‘Am I Just A Sound’ witnessed YorkPEN’s first event as a ratified society on December 10th last term. After the success of English Society’s ‘Poetry and Pints’ evening, this event adhered to a similar format in its presentation of poems and speeches, albeit in the more intimate setting of a cosy corner of Courtyard. Introduced by Seb, Chair of the Society, it soon became apparent that although we were there to appreciate the poetry, we were, more importantly, there to remember and reflect upon the various human rights’ campaigns and struggles being challenged and suppressed across the globe.
Marking the opening evening of ‘York Human Rights City Project’, the event attracted a diverse group of people from both within the student community and further afield, and the poems read were similarly delivered by a variety of people, which immediately established a dynamic and versatile environment. The evening was separated into three phases, each one introducing us to poetry and information concerning different international campaigns. Firstly, poems produced in response to ‘Pussy Riot’ were read, which immediately displayed how political suppression can be explored and exposed by literature in contrasting ways – one poem was subtly satirical in tone while the other teemed with expletives and conveyed the immense anger experienced in the face of injustice.
Injecting a flare of passion into the room was promptly delivered by Henry Raby, a spoken word poet whose dynamism was immediately electric.
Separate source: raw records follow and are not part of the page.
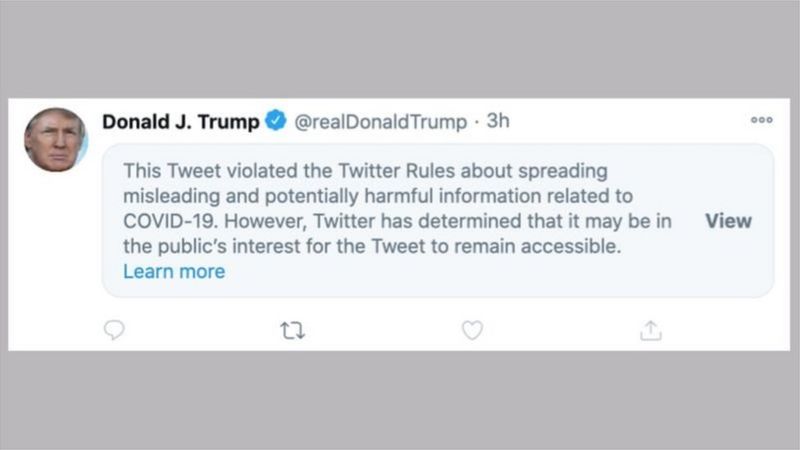 ट्रम्पले ट्वीटरमा पनि यो सन्देश राखेका थिए । यसलाई ट्वीटरले लुकाइदिएको छ । उनको यो ट्वीटमा एउटा चेतावनी लेखिएको देखिएको छ जसमा यो भ्रामक र सम्भावित रुपमा हानिकार जानकारीयुक्त सन्देश बताइएको छ ।
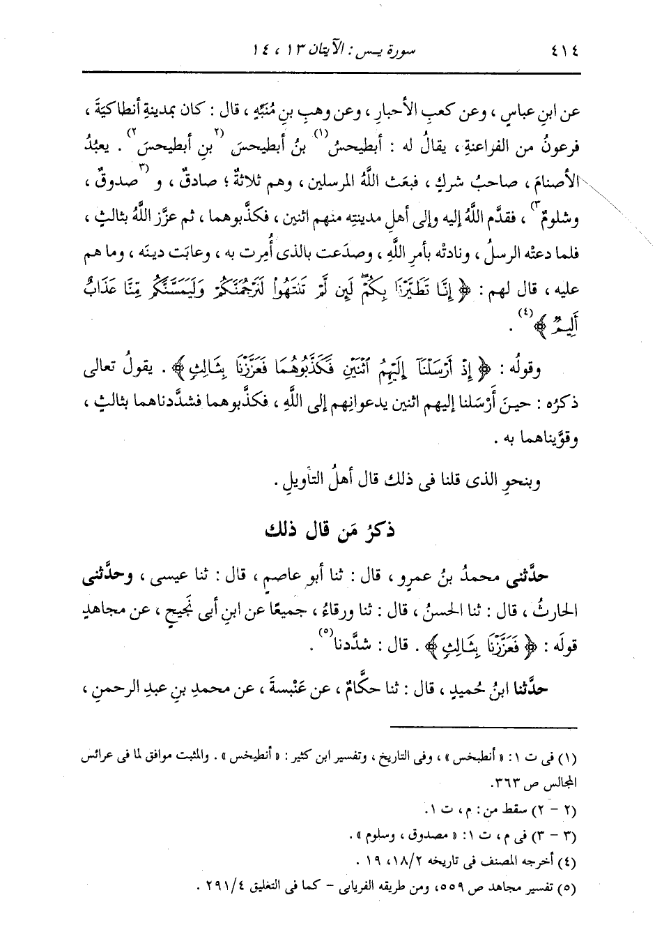 §وَقَوْلُهُ: {إِذْ أَرْسَلْنَا إِلَيْهِمُ اثْنَيْنِ فَكَذَّبُوهُمَا فَعَزَّزْنَا بِثَالِثٍ} [يس: 14] يَقُولُ تَعَالَى ذِكْرُهُ: حِينَ أَرْسَلْنَا إِلَيْهِمُ اثْنَيْنِ يَدْعُونَهُمْ إِلَى اللَّهِ فَكَذَّبُوهُمَا فَشَدَّدْنَاهُمَا بِثَالِثٍ، وَقَوَّيْنَاهُمَا بِهِ وَبِنَحْوِ الَّذِي قُلْنَا فِي ذَلِكَ قَالَ أَهْلُ التَّأْوِيلِ
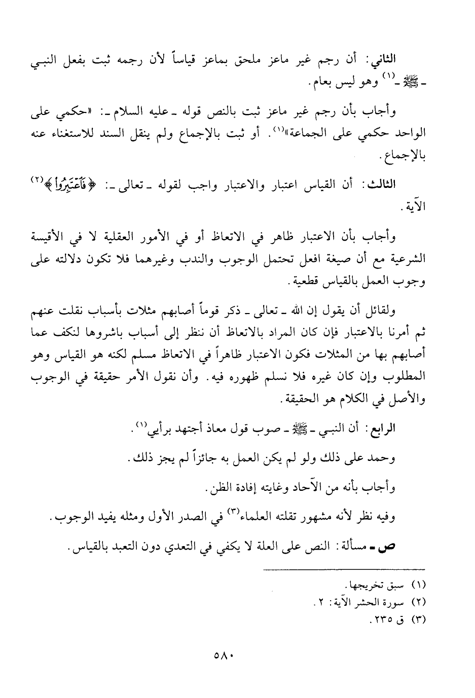 وأجاب بأن رجم غير ماعز ثبت بالنص قوله - عليه السلام -: " حكمي على الواحد حكمي على الجماعة ". أو ثبت بالإجماع ولم ينقل السند للاستغناء عنه بالإجماع.
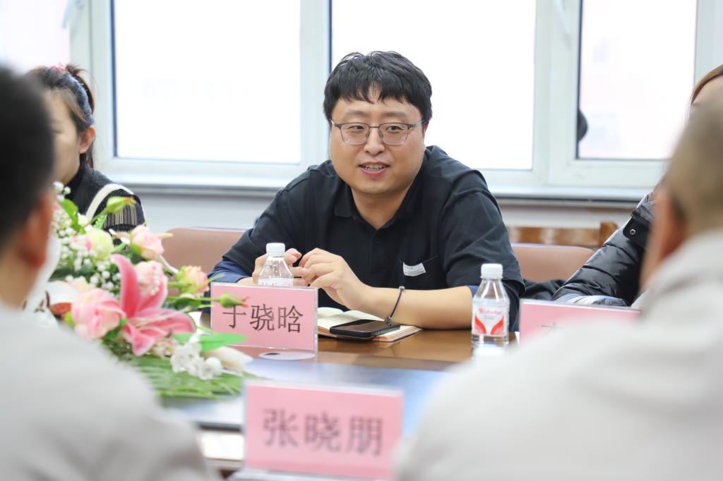 签约仪式前,校企双方在齐翔建设集团大宇建筑工程有限公司进行座谈。
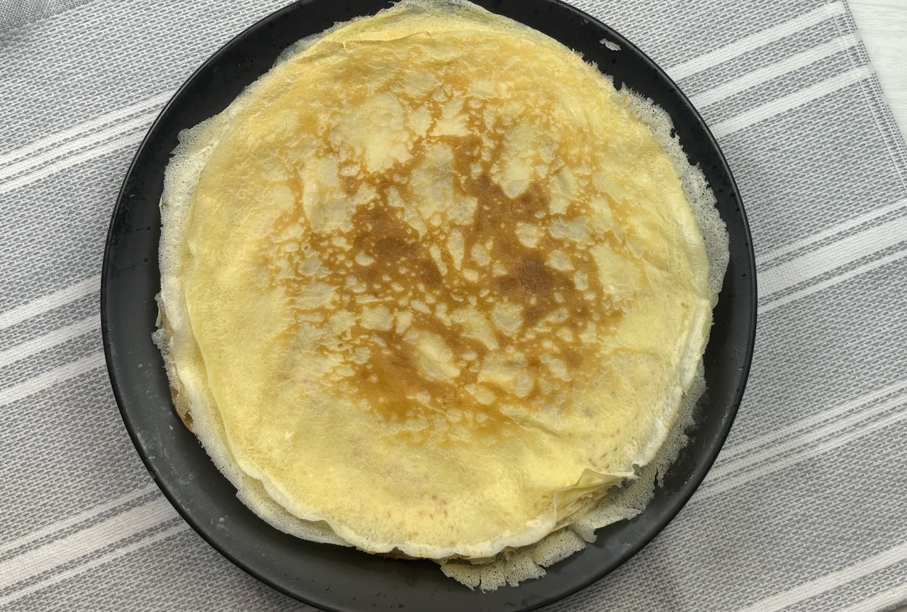 Continue the process with the remaining batter, stacking the cooked crepes on a plate as you go. If needed, lightly grease the pan between batches.
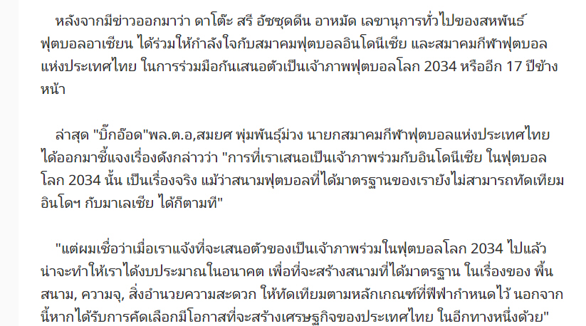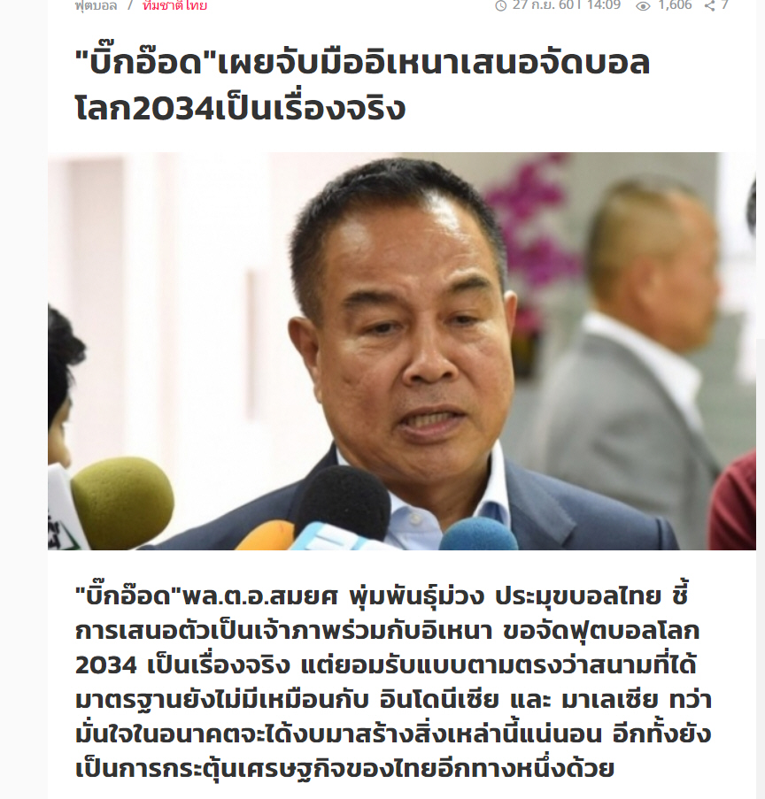 .........."บิ๊กอ๊อด"เผยจับมืออิเหนาเสนอจัดบอลโลก2034เป็นเรื่องจริง...........
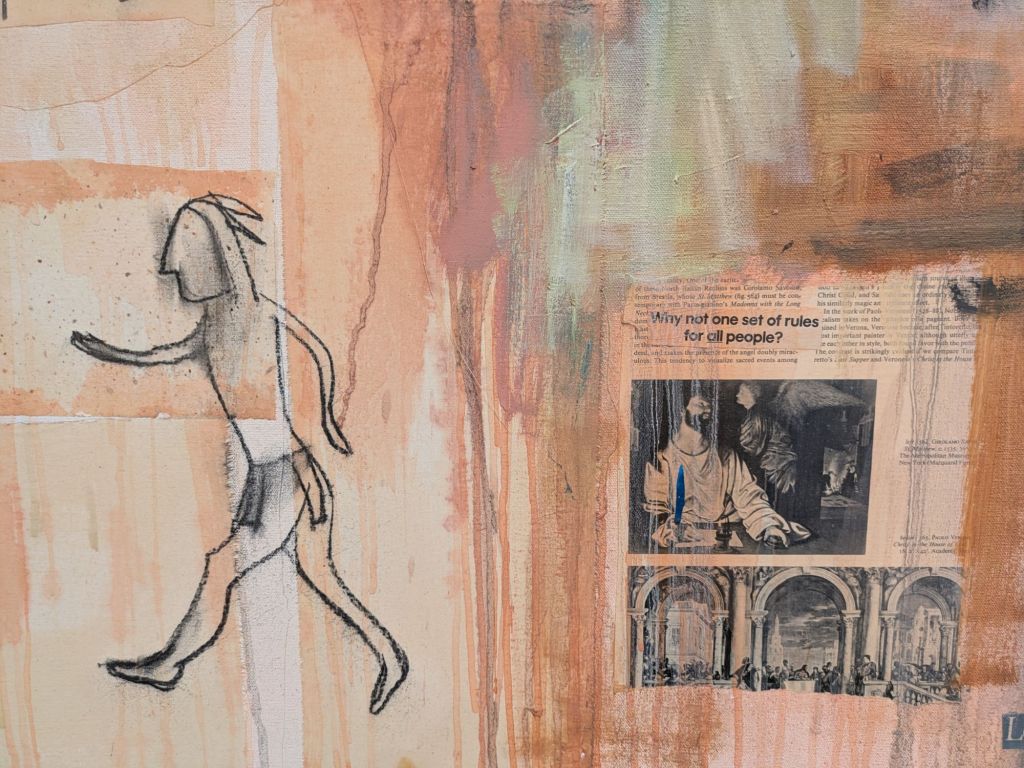 At the core of Sturtevant’s practice lies a profound engagement with power: how it operates, how it is observed, and how it is internalized. Her work resonates with Michel Foucault’s theories on systems of control, particularly his concept[ion] of the [way that the] panopticon [works]. Much like Foucault’s model, Sturtevant’s work places both the creator and the viewer within a dynamic of observation and complicity.

Bearing a resemblance to politically engaged Scroobius Pip, his lyrics were powerful in their simplicity, and delivered with such conviction so as to remain imprinted on your mind for the rest of the night – ‘we’re not pathetic, and we are not thugs – we’re fuelled by the power of protest hugs’. We were also privileged to welcome speakers from the University’s ‘Centre for Applied Human Rights’, including William Gomes, who was able to provide a fascinating insight into what he does for RNN (refugeenewsnetwork) and remind us of the fantastic work that people are doing right here in York for international campaigns.
One of the highlights of the evening arrived in the form of Angye Gaona’s poetry. Gaona is a Colombian surrealist poet who has recently been wrongly imprisoned, and on whose behalf YorkPEN was campaigning last term. Thanks to the brilliant linguistic skills of YorkPEN member Maitê Gothe, we were able to listen to original translations of Gaona’s striking poetry. Although the husky roll of the Spanish washed over the majority of the audience, the beauty of the language was universal and the subsequent English readings provided the content which could explain the sound to which we’d been clinging. We were also treated to translations of Iranian poet El – a poet who expresses her firm beliefs in the freedom of expression and the importance of breaking from tradition.
During the intervals and at the end of the evening beautifully illustrated bookmarks – created by members of YorkPEN – were sold and postcards written to the poets whose work we had shared and enjoyed. The money raised will be used to help the society to grow and to fund speakers to come over the course of the year. Now hosting a film series throughout this term (only £1 entry to watch a variety of films dealing with various human rights’ issues and campaigns), ‘Am I Just A Sound’ successfully laid the foundations in which this new and exciting society can develop.